Sahil Nahir, a student at Paul Lawrence Dunbar High School in Lexington, who was one of two students who spoke at the rally, feels that students add a lot of value when it comes to their input in education policy.
“What we, as individuals bring to the table is that we’re the ones spending thirty hours in the classroom,” said Nahir. “We’re the ones receiving the education on a daily basis, so we have a great deal of value to add to the education value policy conversation.”
Ashton Bishop, a student at Green County Middle School, believes that everyone benefits from having students involved in the selection process.
“Students who are selected by peers to this position would have a chance to work with adult allies side by side to improve their school,” said Bishop. “As students, we know first-hand how so many of the decisions made at an administrative level affect us.”
Secretary of State Allison Lundergan Grimes, who was on hand to show her support for the students and passage of a clean bill, told the students that partisan politics should not get in the way of good public policy.
“We believe that good government can happen here and that we can come together to do good things for the future of the state of Kentucky,” said Grimes.
State Highway Department officials and workers rally for gas tax increase
State Highway Department officials and leaders from around the state told those at a rally in the State Capitol rotunda there could be some tough effects if the fuel taxes aren’t stabilized.
The fuel tax accounts for more than half of revenue that goes into the state’s road fund, which pays for highway and bridge construction and repair in the state and that revenue has plummeted due to low gas prices.
The variable excise tax rises, falls or stays unchanged from quarter to quarter on the basis average wholesale price (AWP) of motor fuels. The survey is conducted by the Department of Revenue in the first month of each quarter and the change in rate-if any- takes effect on the first day of the first month of the following quarter.
As a result of the January 2015 survey, the excise tax rate will drop by 5.1 cents to 16.1 cents per gallon due to lower gas prices, effective April 1, 2015. It marks the fifth decline in the last six quarters.
Secretary of the Kentucky Transportation Cabinet Mike Hancock said a drop in revenues are immediate and drastic.

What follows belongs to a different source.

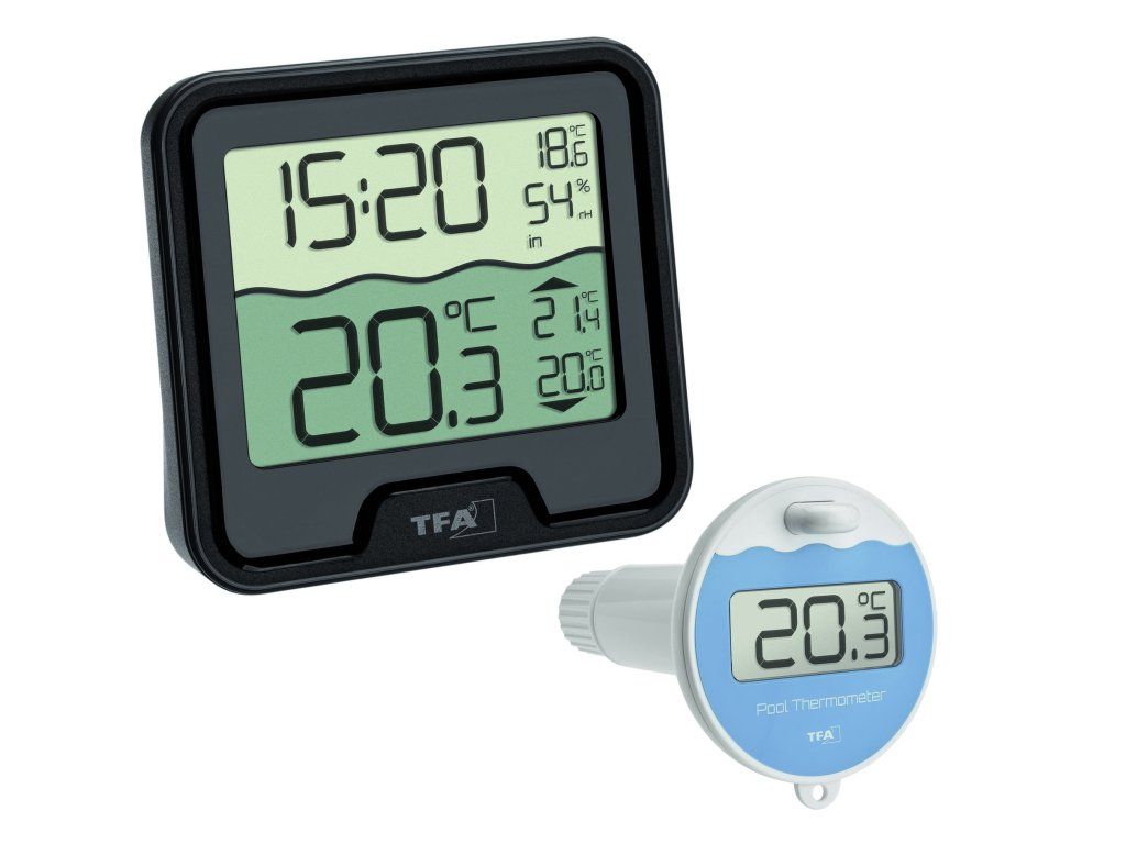 Digitálny teplomer TFA 30.3066.01 MARBELLA je vybavený bezdrôtovým plávajúcim čidlom na meranie teploty vody. Ako voliteľné príslušenstvo sa dajú dokúpiť prípadne až 2 ďalšie senzory pre meranie teploty a vlhkosti vzduchu (TFA 30.3239.02) . Príjem a zobrazenie meraných hodnôt prebieha pomocou rádiového signálu na frekvencii 868 MHz až na vzdialenosť 100 m.

“We already had to scale back county road aid this past January,” Hancock said. “We know that was an unwelcome sight for county officials. “A check that you depend on to run your transportation departments was smaller than you expected it to be.”
Simpson County Judge-Executive and president of the Kentucky Association of Counties Jim Henderson, says that if nothing is done by legislators, his county would suffer adverse effects due to a loss of funds.
“If the fuel tax drops in April, which its’ expected to do, Simpson County will lose $550,000 of funding to local rural roads and city streets,” Henderson said.
Opponents like Americans for Prosperity, has launched a media campaign against the proposal stating that raising freezing the gas tax amounts to a tax increase.